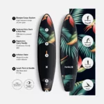 The board features a textured grip EVA deck and a kick pad for quick step changes and improved control. With two fixed and one removable, US standard fin, which sits in a transparent fin box, it offers stability and maneuverability. The fin can be easily replaced to adapt it to your needs.
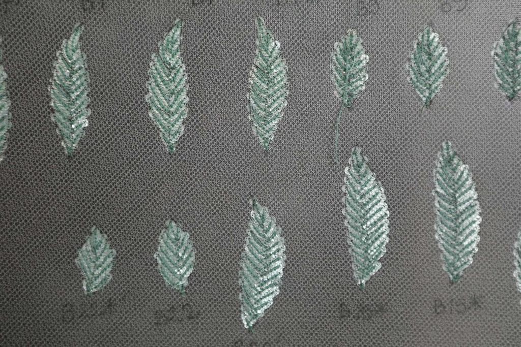 Xen vào đó là sự liều lĩnh đậm ngôn ngữ đương đại: sequin hình học, mảnh kim loại nhỏ, sợi công nghiệp trong suốt – tất cả được phối hợp để tạo thành những bề mặt thêu có cấu trúc, gồ ghề, phản xạ ánh sáng theo cách liên tục thay đổi khi người mẫu bước đi.
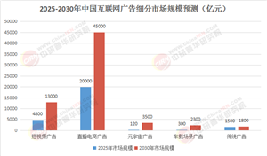 表1:2025-2030年中國數字網絡運營細分市場規模預測(億元)

* What is required
The material above must be set down word for word, with no picture carried over.

* Solution below
 The board features a textured grip EVA deck and a kick pad for quick step changes and improved control. With two fixed and one removable, US standard fin, which sits in a transparent fin box, it offers stability and maneuverability. The fin can be easily replaced to adapt it to your needs.
 Xen vào đó là sự liều lĩnh đậm ngôn ngữ đương đại: sequin hình học, mảnh kim loại nhỏ, sợi công nghiệp trong suốt – tất cả được phối hợp để tạo thành những bề mặt thêu có cấu trúc, gồ ghề, phản xạ ánh sáng theo cách liên tục thay đổi khi người mẫu bước đi.
 表1:2025-2030年中國數字網絡運營細分市場規模預測(億元)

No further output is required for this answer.